The example below shows the LDA algorithm trained in the SimpleImputer transformed dataset.

We use a Pipeline to define the modeling pipeline, where data is first passed through the imputer transform, then provided to the model. `This ensures that the imputer and model are both fit only on the training dataset and evaluated on the test dataset within each cross-validation fold`. This is important to avoid data leakage.

In [12]:
# example of evaluating a model after an imputer transform
from numpy import nan
from pandas import read_csv
from sklearn.pipeline import Pipeline
from sklearn.impute import SimpleImputer
from sklearn.discriminant_analysis import LinearDiscriminantAnalysis
from sklearn.model_selection import KFold
from sklearn.model_selection import cross_val_score

# load the dataset
dataset = read_csv('..//..//..//data/pima-indians-diabetes.csv', header=None)

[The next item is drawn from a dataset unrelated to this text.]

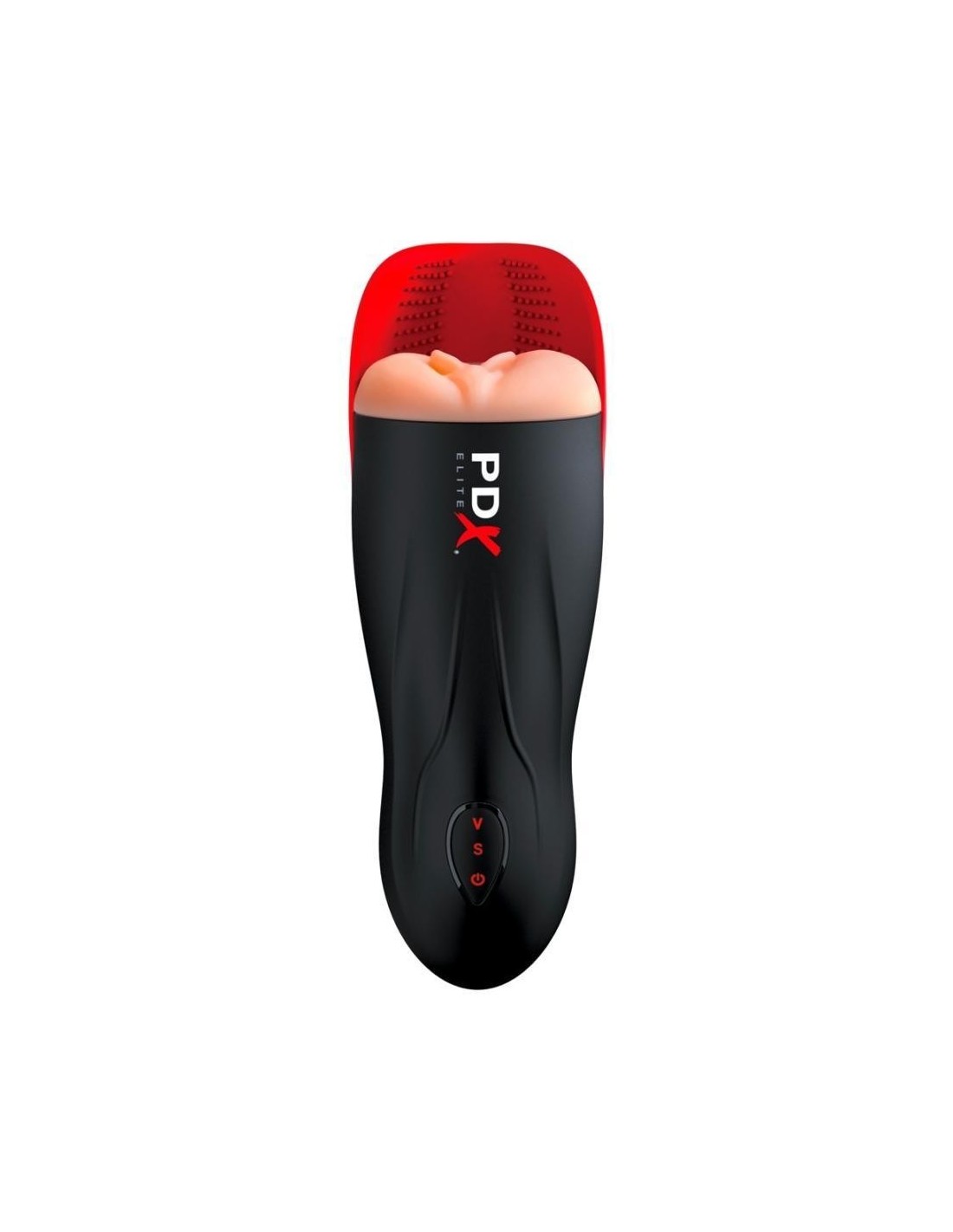Masturbatore con stimolatore di testicoli Fuck-O-Matic di PDX Elite in look vagina realistico con funzione di aspirazione ritmica (5 modalità) e vibrazione (10 modalità) per un massaggio intensivo del pene che include subito i testicoli. 2 potenti motori - uno nella punta, uno nello stimolatore del testicolo - possono essere comodamente controllati con il tocco di un pulsante e le loro funzioni possono essere combinate.
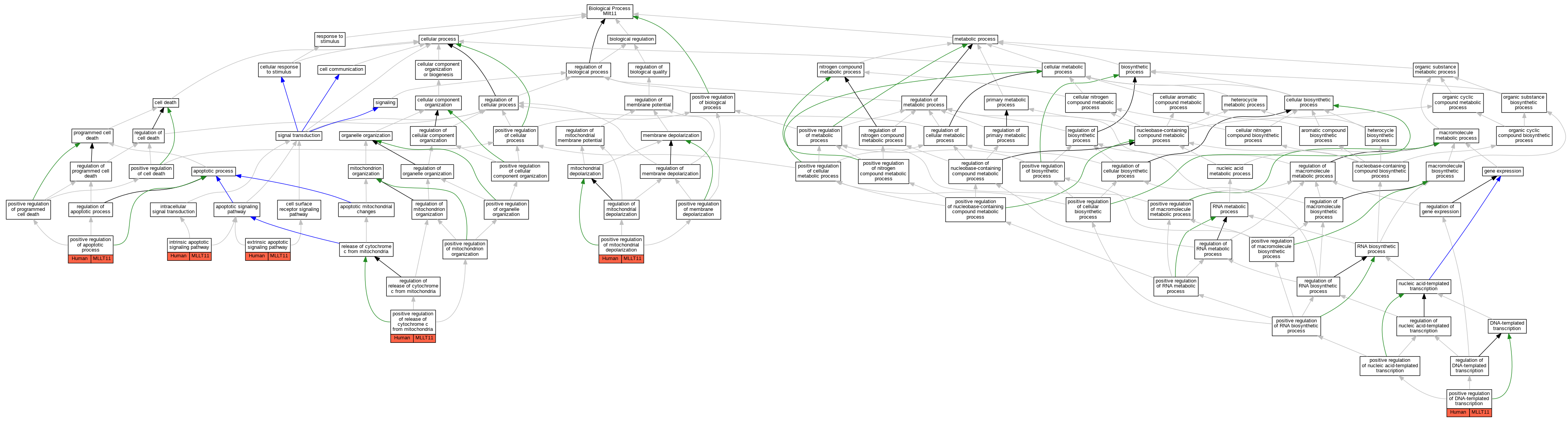 | Biological Process | GO:0097193 | intrinsic apoptotic signaling pathway | MLLT11 | IDA | Human | PMID:18852119 | |

# mark zero values as missing or NaN
dataset[[1,2,3,4,5]] = dataset[[1,2,3,4,5]].replace(0, nan)

# split dataset into inputs and outputs
values = dataset.values
X = values[:,0:8]
y = values[:,8]

# define the imputer
imputer = SimpleImputer(missing_values=nan, strategy='mean')
#imputer = SimpleImputer(missing_values=nan, strategy='median')
#imputer = SimpleImputer(missing_values=nan, strategy='most_frequent')
#imputer = SimpleImputer(missing_values=nan, strategy='constant')
#imputer = SimpleImputer(missing_values=nan, strategy='constant', fill_value=10)

# define the model
lda = LinearDiscriminantAnalysis()

# define the modeling pipeline
pipeline = Pipeline(steps=[('imputer', imputer), ('model', lda)])

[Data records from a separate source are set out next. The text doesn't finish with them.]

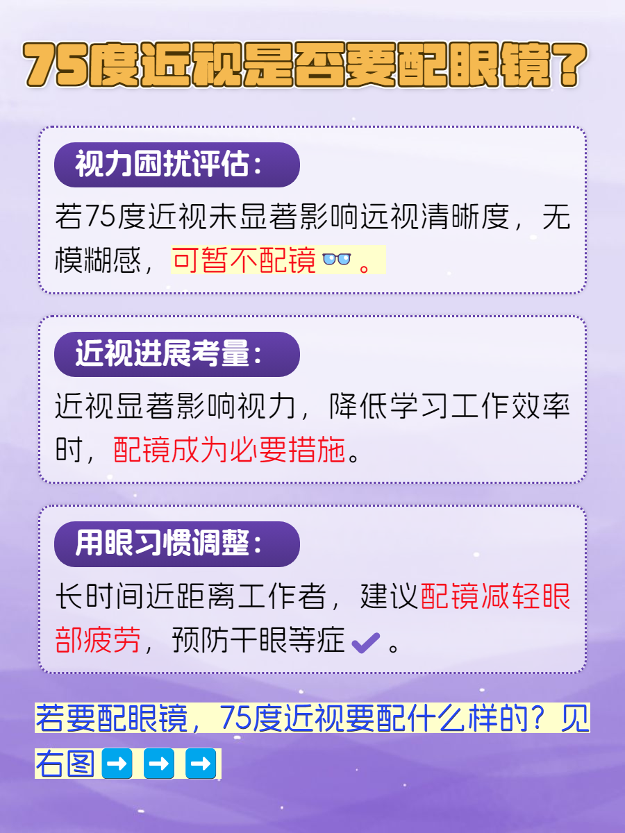 🌸1、视力影响程度:如果75度的近视对日常生活和工作没有造成明显的视力困扰,如看远处物体时仍然清晰,没有模糊感,那么一般不需要配戴眼镜。
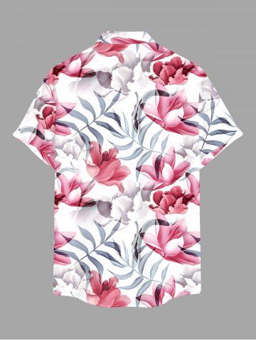 Plus Size Flowers Leaf Print Buttons Pocket Hawaii Shirt For Men - Light Pink - 2xl
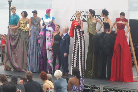 Thanks goodness for Saturday night’s fashion week finale. After that many shows, people, photo editing, writing, elbow rubbing, etc. I was in such desperate need of pizazz I just kept coating on hot pink lipstick to try and rev up. But, thanks to a little show called Project Runway, we managed to get some pizazz out on the runway and I gave my clown lips a rest.

# define the cross validation procedure
kfold = KFold(n_splits=3, shuffle=True, random_state=1)

# evaluate the model
result = cross_val_score(pipeline, X, y, cv=kfold, scoring='accuracy')

# report the mean performance
print('Accuracy: %.3f' % result.mean())

Accuracy: 0.762


Results with several imputer values

- Accuracy (mean): 0.762
- Accuracy (median): 0.760
- Accuracy (most_frequent): 0.760
- Accuracy (constant): 0.763
- Accuracy (constant, fill_value=10): 0.767

## 6. Algorithms that Support Missing Values

There are algorithms that can be made robust to missing data, such as `k-Nearest Neighbors` that can ignore a column from a distance measure when a value is missing. `Naive Bayes` can also support missing values when making a prediction.

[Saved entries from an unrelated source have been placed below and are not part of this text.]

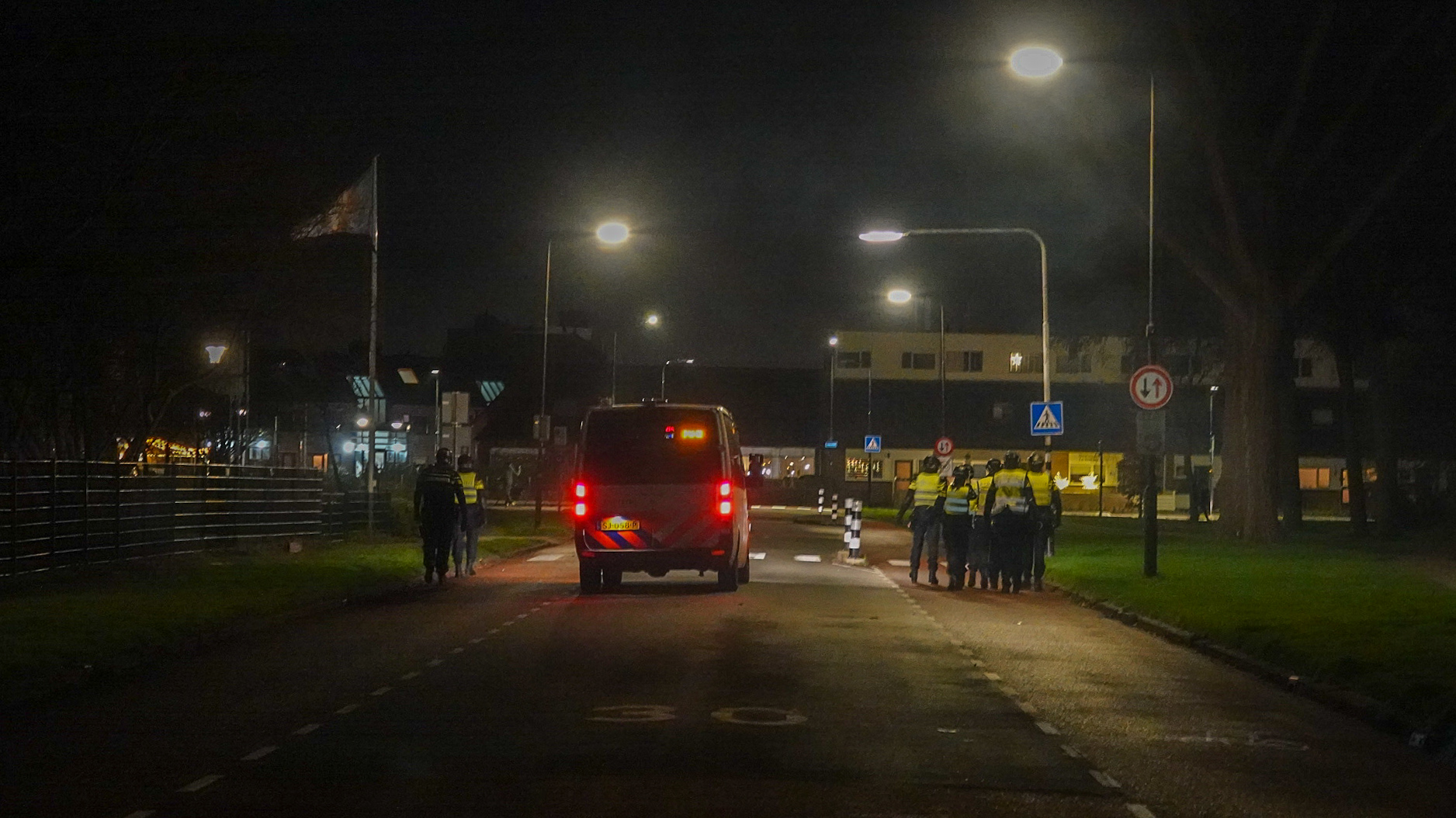 De Mobiele Eenheid heeft uitgerust met wapenstokken en schilden door de wijk gelopen om groepen jongeren uit de kern van de wijk te krijgen.ย Er is niemand aangehouden. De brandweer stond paraat om eventuele brandjes te blussen.
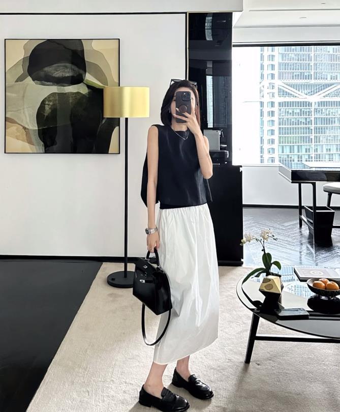 夏日的穿搭,就是要穿得簡約一些,黑與白的配色,最能打造出高級感了,也非常時尚,對於不懂顏色搭配的人來說,學會這樣穿最合適不過了。黑色無袖衫+白色半身長裙,既適合職場女性穿,又可以在日常逛街場合穿。
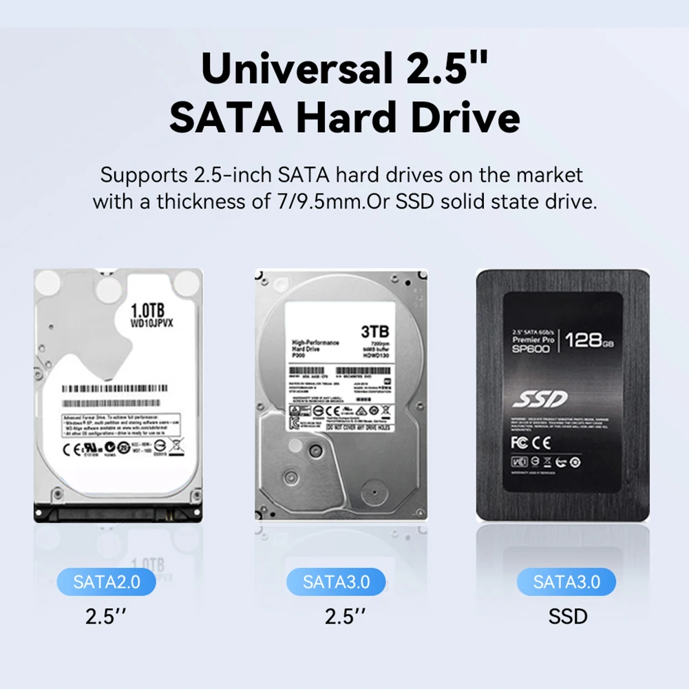 1. Soporte para HDD y SSD SATA I/II/III de 2,5 pulgadas:Esta carcasa de HDD es compatible con todas las unidades de disco duro estándar SATA I/II/III (HDD) y unidades de estado sólido (SSD) de 7mm/9,5mm y 2,5 pulgadas. Admite capacidades de almacenamiento de hasta 6TB (máximo), proporcionando un amplio espacio para sus necesidades de almacenamiento de datos.
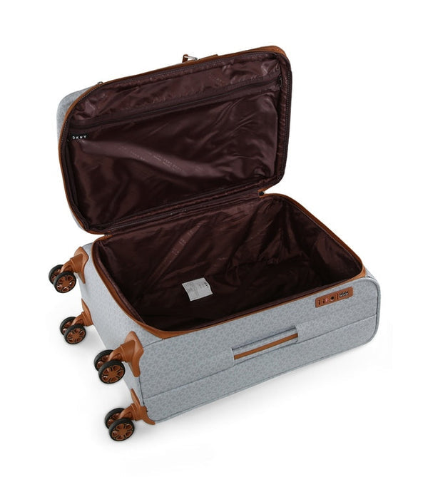 סט מזוודות בד קלות ומעוצבות SIGNATURE 636 מבית האופנה דונה קארן ניו יורק DKNY מזוודות נוחות עשויות בד איכותי ונגד מים, גלגלי סיליקון, מנעול TSA מובנה ורוכסן הרחבה בכל שלושת המזוודות. למי שמחפש מזוודות בעיצוב נוטף סטייל ובנוסף פרקטי ונוח
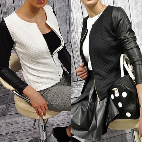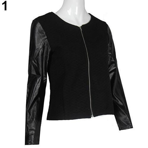 This Women's Fashion Casual Faux Leather Splicing Zipper Long Sleeve Jacket Coat is perfect for transitioning through seasons. Pair it with jeans for a casual lunch or dress it up with a skirt for a night out. Its regular clothing length and full sleeves offer just the right amount of coverage while keeping you stylish.
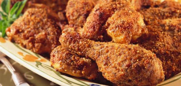- تصفية الأفخاذ من الماء، وغمسها بالطحين، والبيض، والبقسماط.
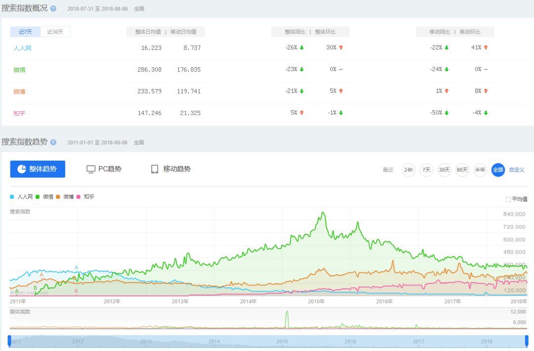 人人网的百度搜索指数变化:2012、2013 和 2015,人人网分别和微信、微博\知乎有过短暂交汇,随后渐行渐远
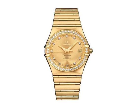 This Omega constellation series watches with implicit and introverted 38.5 mm 18K gold case, with the same material bracelet; also made of 18K gold dial. Watches 18K gold hands covered with LumiNova luminous coating, in any light conditions can be quickly and accurately read the time. The central seconds hand tail is the exquisite 007 logo (also 18K yellow gold material), in a clever way to pay tribute to the reputation of the agents.
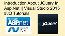 In this video we have learn about jquery and how to create jquery popup in asp.net vs 2015 its very easy way to learn and its also helpful for new learner student visual studio asp.net.

There are also algorithms that can use the missing value as a unique and different value when building the predictive model, such as classification and regression trees; especially `tree-based techniques`, can specifically account for missing data.

`Note`. *Sadly, the scikit-learn implementations of naive bayes, decision trees and k-Nearest Neighbors are not robust to missing values. Although it is being considered* [Here](https://github.com/scikit-learn/scikit-learn/issues/5870).

## Summary
In this tutorial, you discovered how to handle machine learning data that contains missing values.

Specifically, you learned:

- How to mark missing values in a dataset as numpy.nan.
- How to remove rows from the dataset that contain missing values.
- How to replace missing values with sensible values.